Il suffit de passer le pont...

"Dignitaires passant le pont vers la Terre pure" (détail Bridge of the Seven Treasures)
"Deux diables Courte-vie et Prompte-mort, précipitent dans les flots les âmes qui s’y engagent"

Sans syncrétisme pas de religion. Cependant, le mot syncrétisme prend souvent un sens péjoratif dans une religion qui se respecte.
Fusion de différents cultes ou de doctrines religieuses; en partic., tentative de conciliation des différentes croyances en une nouvelle qui en ferait la synthèse.”
Et pourtant, sans "syncrétisme" aucun culte, aucune religion ou spiritualité n’existerait. Le syncrétisme semble poser moins problème dans l’art, la musique, la gastronomie. Quand on touche aux croyances et aux identités culturelles, cela devient nettement plus sensible. Le terme syncrétisme semble alors vouloir dire “Chacun chez soi et les cochons seront bien gardés”, car la fusion termine si souvent en con-fusion.

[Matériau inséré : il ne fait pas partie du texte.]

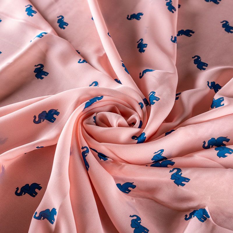 Итальянский крепдешин с матовой лицевой поверхностью с игривым ярким принтом на нежном персиково-розовом фоне, тонкий, слегка прозрачный, отлично драпируется, легкий и струящийся. Идеально подойдет для пошива платьев и сарафанов расклешенных моделей, с воланами, летящих юбок, топов, блузки, костюма в пижамном стиле.
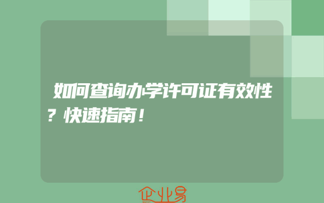- 如何查询办学许可证有效性?快速指南!一、了解办学许可证的重要性办学许可证是教育机构合法运营的必要条件之一,它证明了教育机构符合国家教育法律法规的要求,具备了提供教育服务的资质。因此,查询办学许可证的有效性对于保障教育质量、维护学生权益具有重
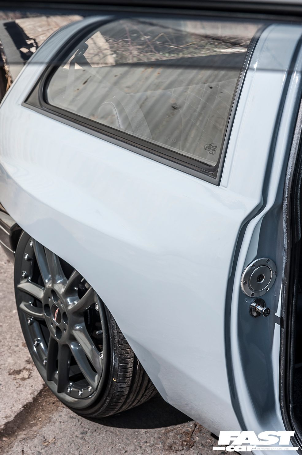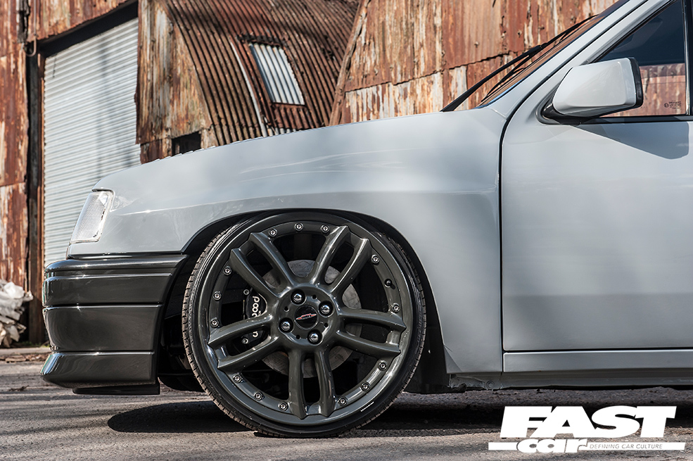 The genius of this Nova is that it appeals to two distinct generations of modifying enthusiasts at once. For the old guard who grew up around Novas, this car ticks a lot of classic boxes: it’s got a C20XE, which is what everyone wanted back then, as well as the period S.I.D. arch kit, Wilwood front brakes (still with the drums at the back, natch), smoothed tailgate and doors with poppers, Cool Louvres bonnet, the fuel filler relocated to the door shut, the Astra digi-dash, and the GSi interior with SR seats. All the desirable touchpoints that would have made a killer Nova for a Saturday night cruise. But this car works equally well for the fans of today’s cutting-edge scene trends: air-ride, über-cool grey paint, wrong-manufacturer wheels, smoothed and tucked engine bay, Singer-like interior – this is the Holy Grail, a Nova that everyone one likes. (And if you don’t… well, you’re wrong, sorry.)
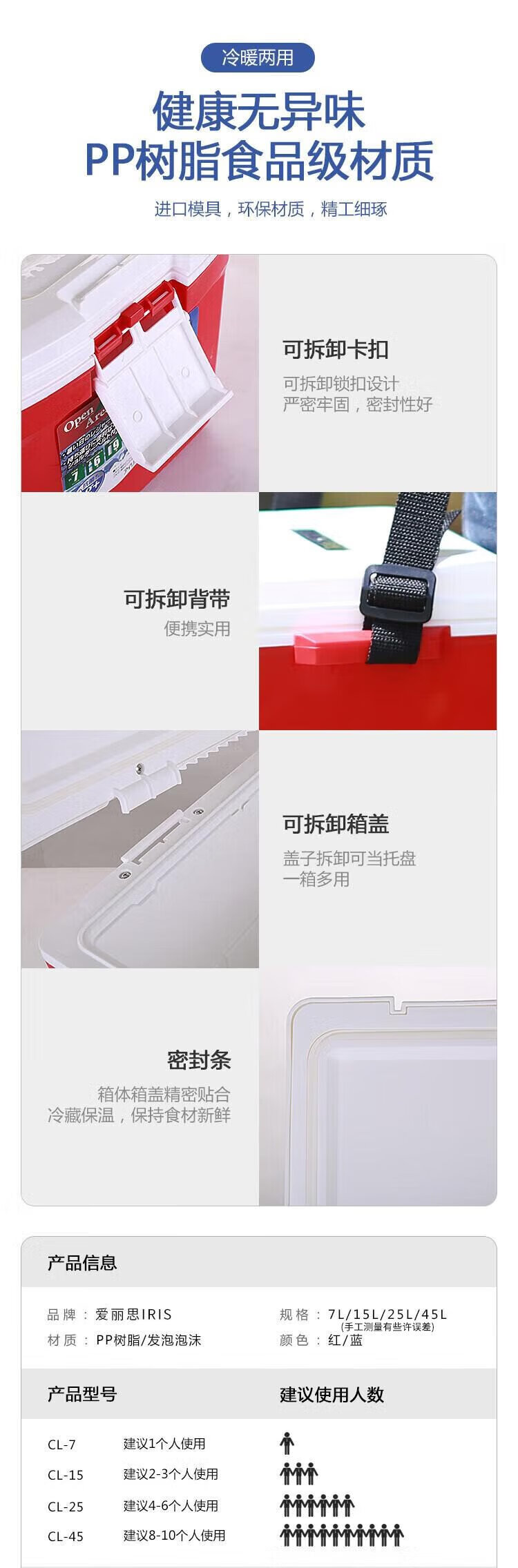 IRIS CL-15 car insulated cooler, about 15 liters, outdoor picnic cold and warm box, blue

Dans de nombreuses religions, sept est le nombre de perfection, et même la gamme diatonique de Pythagore consiste en 7 notes. Car il y avait initialement sept planètes connues dans notre cosmos. Toutes les religions, anciennes ou nouvelles, tiennent toujours au nombre ancien. Il ne faut pas toucher un système qui fonctionne : if it ain't broke, don't fix it. Donc la terre, les sept planètes, les dieux-planètes, et les Parfaits et Dieu au-delà, n’y touchons pas. Les sept jours de la semaine nommés d’après les sept planètes sont très bien comme ils sont. 

Les religions s’intéressent surtout à la vie de l’âme (tib. bla) après la mort et à l’au-delà. L’âme est une étincelle de lumière, ou autre semence, embourbée temporairement dans un corps, et qui aspire à retourner dans l’au-delà afin de rejoindre la Lumière divine ou l'Un.

Screen capture from Prof. dr. Wouter Hanegraaff

Les religions ainsi que les platoniciens et néoplatoniciens[1] s’intéressent notamment au voyage retour. Il faudrait que l’âme (re)traverse les sept planètes, disons sept jours pour traverser chaque sphère planétaire et les entités qui la fréquentent, soit sept fois sept, quarante-neuf jours, un long voyage, pour une âme solitaire sans boussole. Et de quoi vivra-t-elle ? Les religions offrent tous les services dont pourrait avoir besoin une âme transmigrante. Les taoïstes et les bouddhistes en Chine sont parmi les mieux outillés dans ce domaine[2]. Leur saṃsāra se limitait encore à cinq destinées, là où le bouddhisme tibétain en compte six. Les religieux ont pour tâche d’empêcher que les âmes de trépassés soient agressées lors de leur périple ou transmigrent dans de mauvaises destinées, et veillent à leur confort optimal pendant le voyage qui dure au maximum 49 jours, soit sept semaines.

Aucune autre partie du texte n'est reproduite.